The segment split sharpens the point further. Note 26 makes clear that Derech Chaim sits inside the core-products segment, not inside the distribution segment. The distribution segment itself is the third-party service layer and the logistics complement. In other words, if channel power is supposed to create real incremental value, it ultimately has to show up in the economics of core products rather than stay trapped in the supporting infrastructure.
And that is where the numbers remain weak. In 2025 core products generated ILS 208.2 million of revenue, down 8.4%, and the segment operating loss deepened to ILS 12.1 million. At the same time, the distribution segment generated ILS 75.8 million and returned to a small operating profit of ILS 1.5 million. That is the key point: Rekah has a channel that can preserve service levels, access, and shelf presence. It still has not shown that this same channel can convert itself into stronger economics in the main engine where Derech Chaim actually sits.
Put simply, Rekah currently looks stronger at being a supplier that is operationally hard to replace than at being one that can materially improve price or commercial terms. That is a real advantage, but it is a defensive advantage. It protects continuity and volume. It does not automatically expand Rekah's share of the economics.
Even contractual visibility is not getting more rigid
The backlog section adds another reason for caution. The company explains that the agreements with Maccabi and Meuhedet are framework agreements: they define product types, prices, and supply periods, but actual supply is made through purchase orders, so future revenue from those agreements is not counted as binding backlog. Management says the realization rate is high, but that is still not the same thing as hard backlog already sitting on the books.

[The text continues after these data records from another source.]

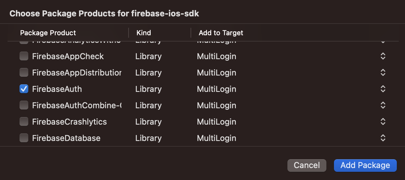 FirebaseAuth를 선택해 Add Packge해준다.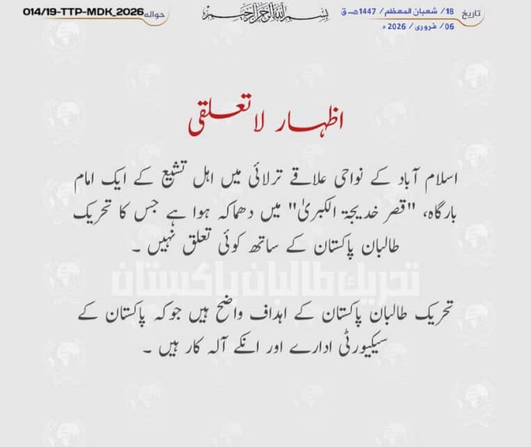 अंतरराष्ट्रीय तहरीक-ए-तालिबान पाकिस्तान ने की इस्लामाबाद में हुए आत्मघाती बम हमले की निंदा ! कहा- यह इस्लामी सिद्धांतों के खिलाफ है Posted on February 6, 2026 Author admin Comment(0)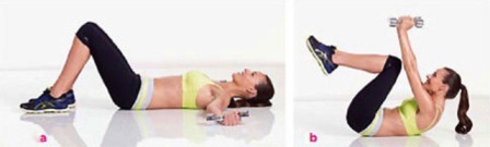 Для достижения наилучших результатов, делать эти упражнения 2-3 раза в неделю, а два дня делать некоторые другие кардио упражнения. Вам понадобится две небольших 1-1,5 кг гантели.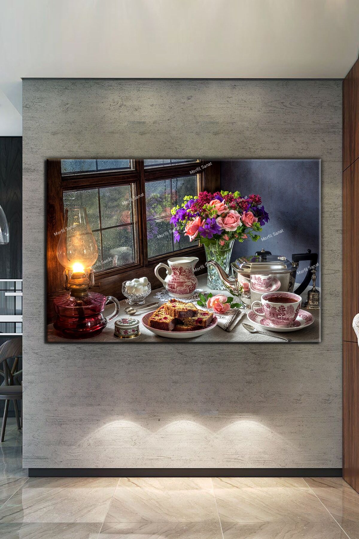 Çay Keyfi Mutluluk Çayı Dekoratif Cafelere Kafelere Özel Dekoratif Kanvas Tablo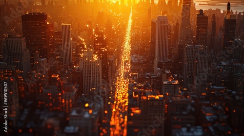 Obraz premium Sunset over a cityscape, with warm golden light reflecting off skyscrapers and the streets below.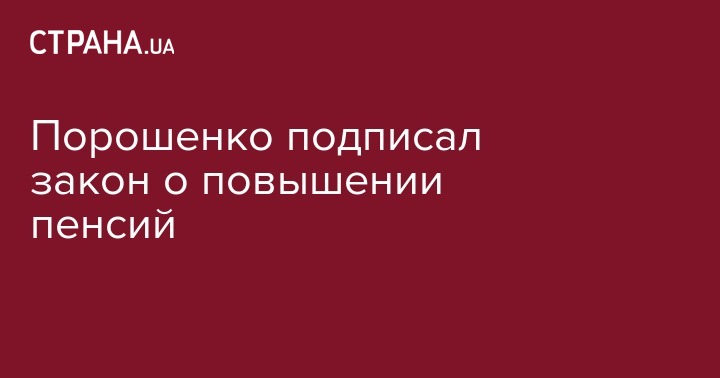 Президент Петр Порошенко подписал закон "О внесении изменений в Бюджетный кодекс Украины относительно повышения пенсий", который был принят парламентом за основу и в целом 3 октября. Об этом сообщает пресс-служба главы государства.
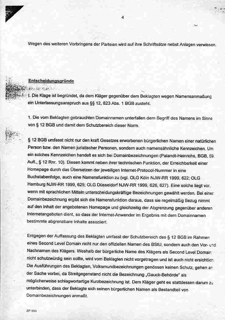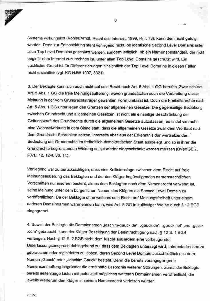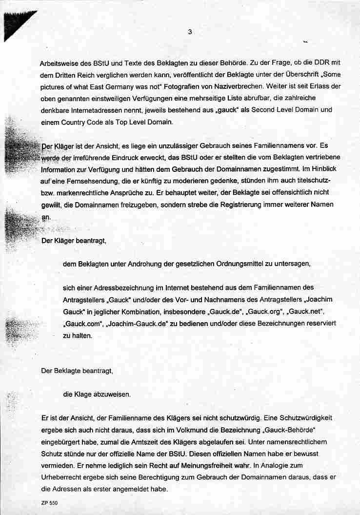 The attempt by the "Gauck-Commission" to assassinate Mr. Gysi (a Jew who had 18 of his family members murdered by the NAZIS) politically by struggling to denounce him as a "Stasi spy" led me to acquire the domain name Gauck.de as a means of documenting the Gauck-Commission's relentless attempts at destroying him politically. As a result, the German court in Berlin has forbade me to register or use ANY TOP LEVEL domain with "Gauck" in it. Since, I will not voluntary relent my right to protest in this way, I am forced to carry many thousands of Marks of lawyer's fees, and face penalties from the state and possible imprisonment. The ruling by the court effectively sets a precedent that would allow Hitler (if he were living today) to outlaw a critique of his politics by using a domain name such as Hilter.de, Hitler.com, Hitler.org, Hitler.net, Hitler.co.il (domain for Israel), or any possible combination of www.Hitler.xxx or www.Adolf-Hitler.xxx.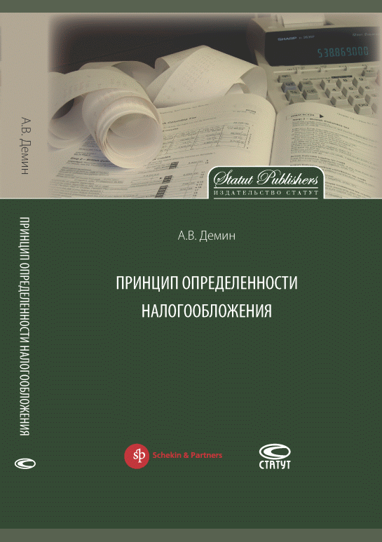 Демин, А.В. Принцип определенности налогообложения : монография / А. В. Демин; научный консультант Д. В. Винницкий; рецензенты: О. Ю. Бакаева [и др.]. — Москва : Статут, 2015. — 368 с.. — Библиогр.: с. 337-367. — ISBN 978-5-8354-1142-9.
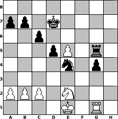 game notation in PGN-format [Event "Aljechin zu Mittag"] [Site "www.myChess.de"] [Date "2006.04.18"] [Round "1"] [White "kalle"] [Black "torsten64"] [ECO "A83"] [WhitemyELO "1641"] [BlackmyELO "1994"] [Result "0-1"] [TimeControl "10/1728000"] [WhiteDays "18"] [BlackDays "20"] [MyChessNo "24676"] 1. d4 f5 2. e4 fxe4 3. Nc3 Nf6 4. Bg5 g6 5. h4 d5 6. h5 Bg4 7. Be2 gxh5 8. Bxf6 exf6 9. Bxg4 hxg4 10. Qxg4 c6 11. Qh5+ Kd7 12. Qf5+ Kc7 13. f3 exf3 14. Nxf3 Qe7+ 15. Kd2 Qg7 16. g4 Nd7 17. Rae1 Bd6 18. Re6 Qg6 19. Ne2 Rag8 20. Rh4 Rg7 21. Qxg6 Rxg6 22. g5 Rhg8 23. Rxh7 fxg5 24. Rxg6 Rxg6 25. Rh5 Nf6 26. Rh1 Ne4+ 27. Ke1 g4 28. Ne5 Bxe5 29. dxe5 Rg5 30. Rg1 Kd7 0-1 position notation in FEN-format 8/pp1k4/2p5/3pP1r1/4n1p1/8/PPP1N3/4K1R1 - - - 3 31 Captured white pieces: Captured black pieces: Click on a captured piece in order to display the desired move!

Even inside the binding backlog there is no improvement. At the end of 2025, 2026 backlog with Clalit, Leumit, Teva, and Sarel stood at ILS 47.2 million, versus ILS 53.5 million at the end of 2024. The decline appeared in every quarter of 2026.
This point needs to be handled carefully. Derech Chaim was renewed only in January 2026, after the balance-sheet date, so the year-end 2025 backlog does not by itself reflect the full contribution of the renewal. But even with that caveat, the broader picture remains clear: the depth of the channel relationship is still not translating into broader hard visibility.
That matters because bargaining power does not have to show up only in price. It can also show up in commitment length, binding scope, or the ability to convert a framework relationship into something more contractually secure. For now there is no strong signal of that kind. There is continuity. There is not yet clear evidence of economic upgrading.
Bottom line
Derech Chaim solved a continuity problem for Rekah. It did not settle the power question inside the channel. When the top two customers already account for nearly 40% of sales, when the key agreement is renewed on broadly unchanged terms, and when next-year binding visibility has not widened, the right conclusion is that Rekah operates inside a channel that is operationally strong but economically demanding.
That is not a semantic distinction. It determines how 2026 should be read. If the company wants to prove that its channel power is more than a good service system, it will have to show one of three things: better profitability in core products under the same commercial infrastructure, a broader product basket sold into the major customers without another rise in concentration, or stronger contractual visibility that gives the customer relationships harder economic weight. Until one of those signs appears, Derech Chaim will remain primarily an insurance policy against customer loss, not proof that the channel power balance has moved in Rekah's favor.